(DATA EXTRACT)
——
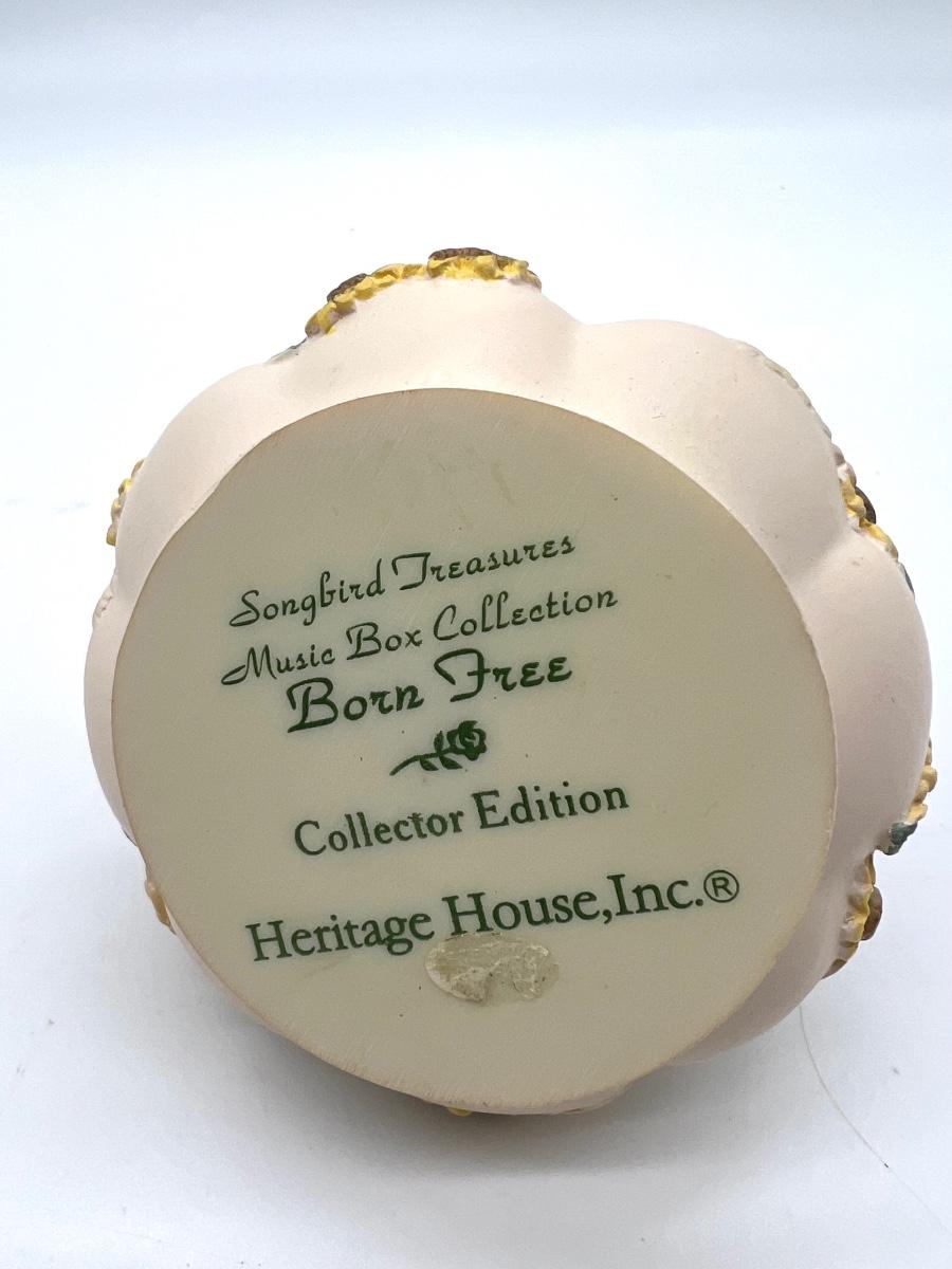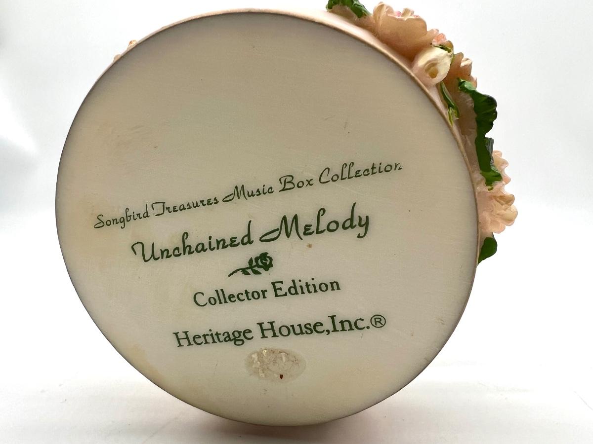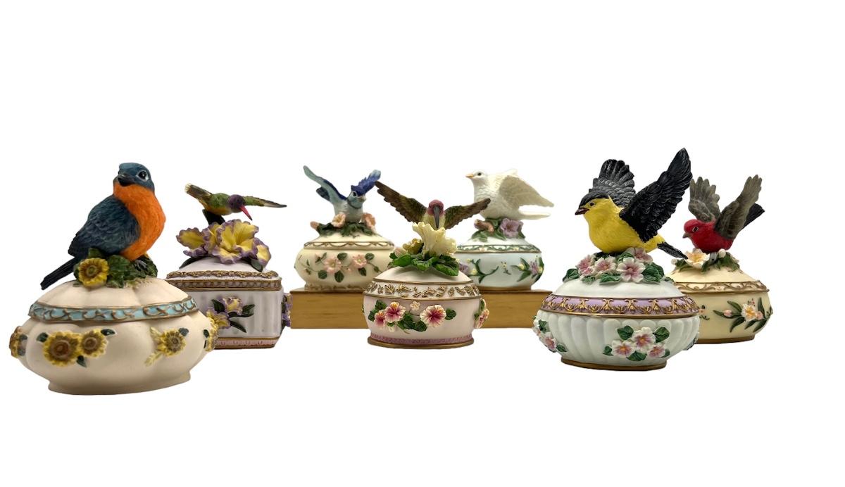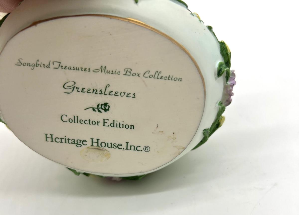 7 HERITAGE HOUSE musical boxes that open for those special trinkets. All music boxes work. Each measures approximately 5 inches tall.
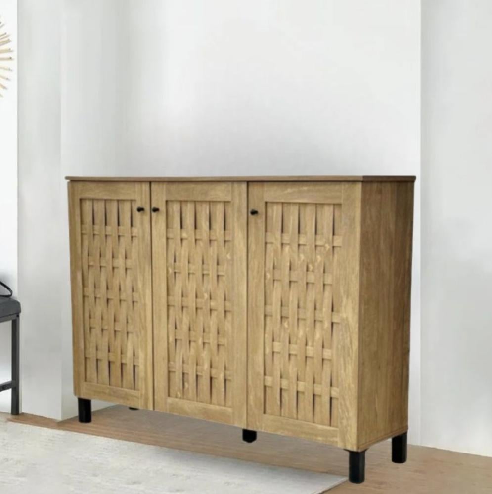 هذا الدولاب الأنيق هو حل مثالي لتخزين أحذيتك بشكل منظم وجمالي. يتميز بتصميمه العصري الذي يجمع بين الخشب الطبيعي والتصميم المنقوش، مما يجعله ينسجم مع مختلف ديكورات المنزل.
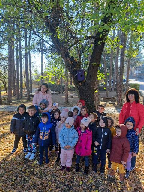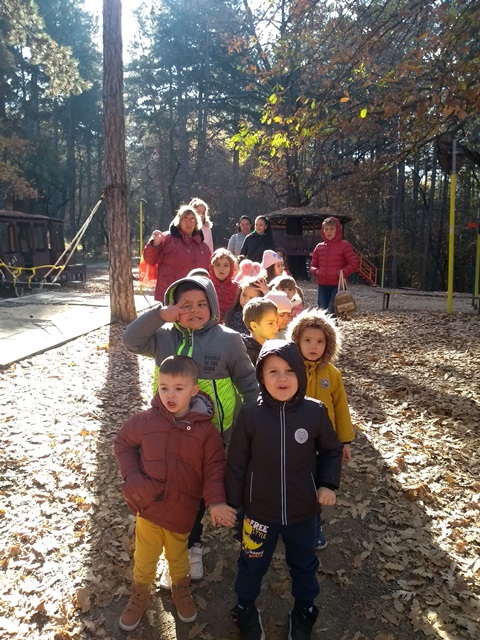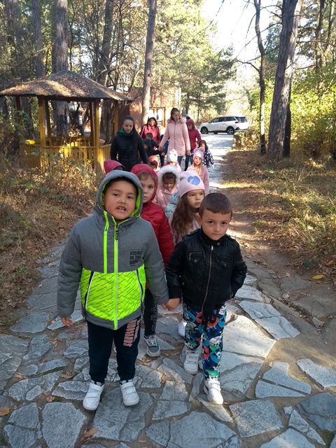 Всички се насладиха отблизо на есенната красота, по време на разходката с образователна цел. Децата наблюдаваха промените, които настъпват през есента в живата и неживата природа. Учителката В. Стоянова запозна децата с историята на късноантичната средновековна крепост Хисарлъка.
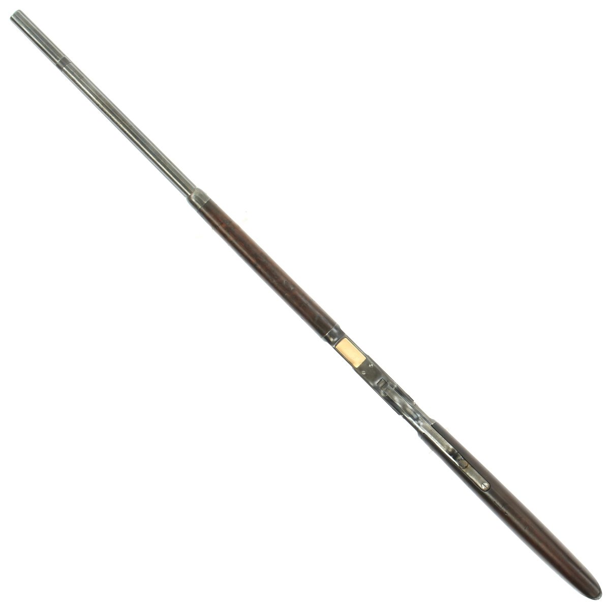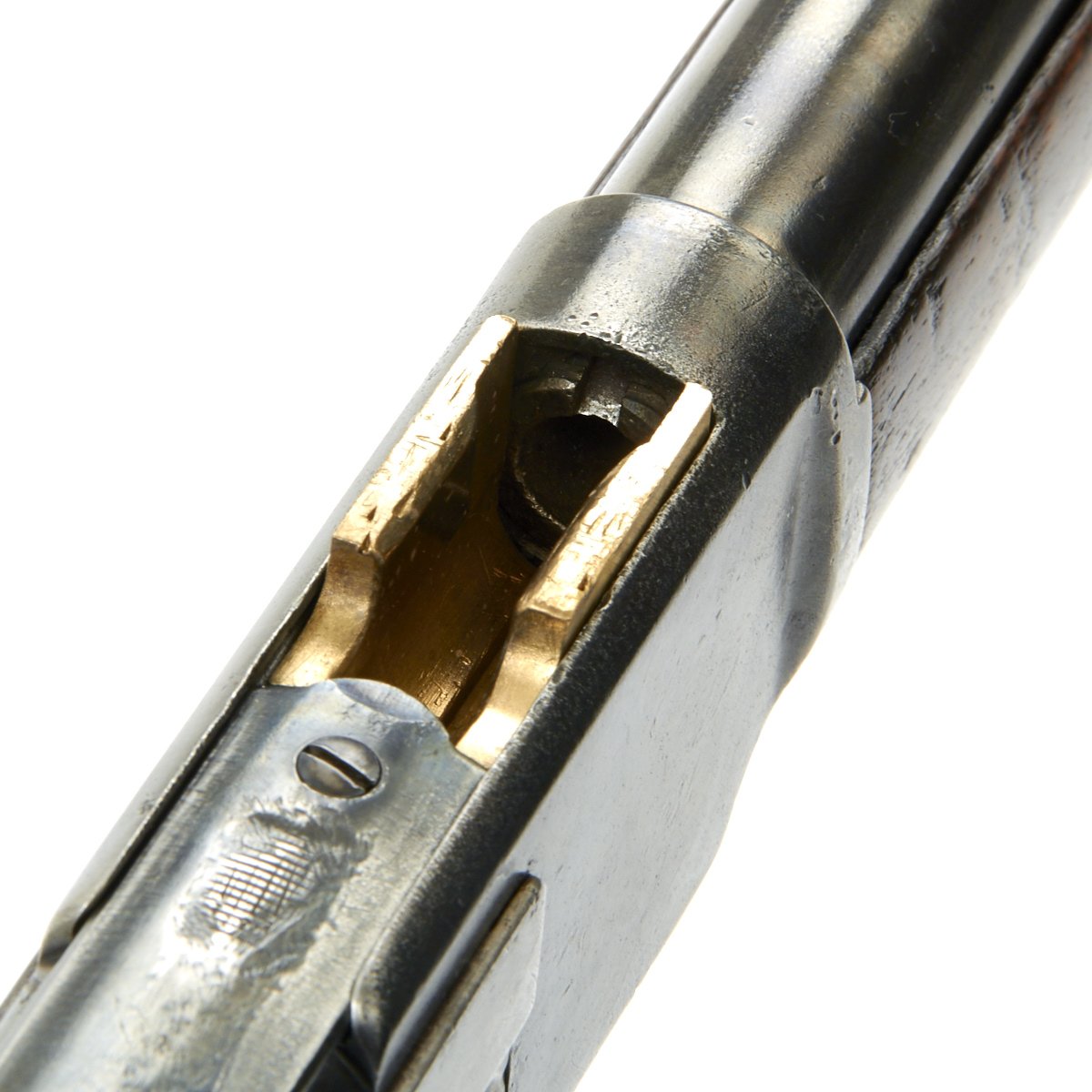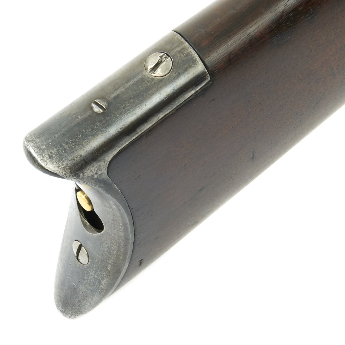 The barrel and action have a nice gray patina, with some signs of past pitting. Features a crescent butt plate with working storage compartment. The rifle is in overall very nice condition. Very crisp tight action in fully functional condition with the original dust cover. The bore shows lands and grooves, however there are some areas of pitting, with a partly bright finish. Probably a 5-6 out of 10.
——
(EXERCISE AIM) Omit the pictures and return exactly the lines from the line containing "هذا الدولاب الأنيق" through the final line of the material above, both ends included.

(COMPLETED TASK)
 هذا الدولاب الأنيق هو حل مثالي لتخزين أحذيتك بشكل منظم وجمالي. يتميز بتصميمه العصري الذي يجمع بين الخشب الطبيعي والتصميم المنقوش، مما يجعله ينسجم مع مختلف ديكورات المنزل.
 Всички се насладиха отблизо на есенната красота, по време на разходката с образователна цел. Децата наблюдаваха промените, които настъпват през есента в живата и неживата природа. Учителката В. Стоянова запозна децата с историята на късноантичната средновековна крепост Хисарлъка.
 The barrel and action have a nice gray patina, with some signs of past pitting. Features a crescent butt plate with working storage compartment. The rifle is in overall very nice condition. Very crisp tight action in fully functional condition with the original dust cover. The bore shows lands and grooves, however there are some areas of pitting, with a partly bright finish. Probably a 5-6 out of 10.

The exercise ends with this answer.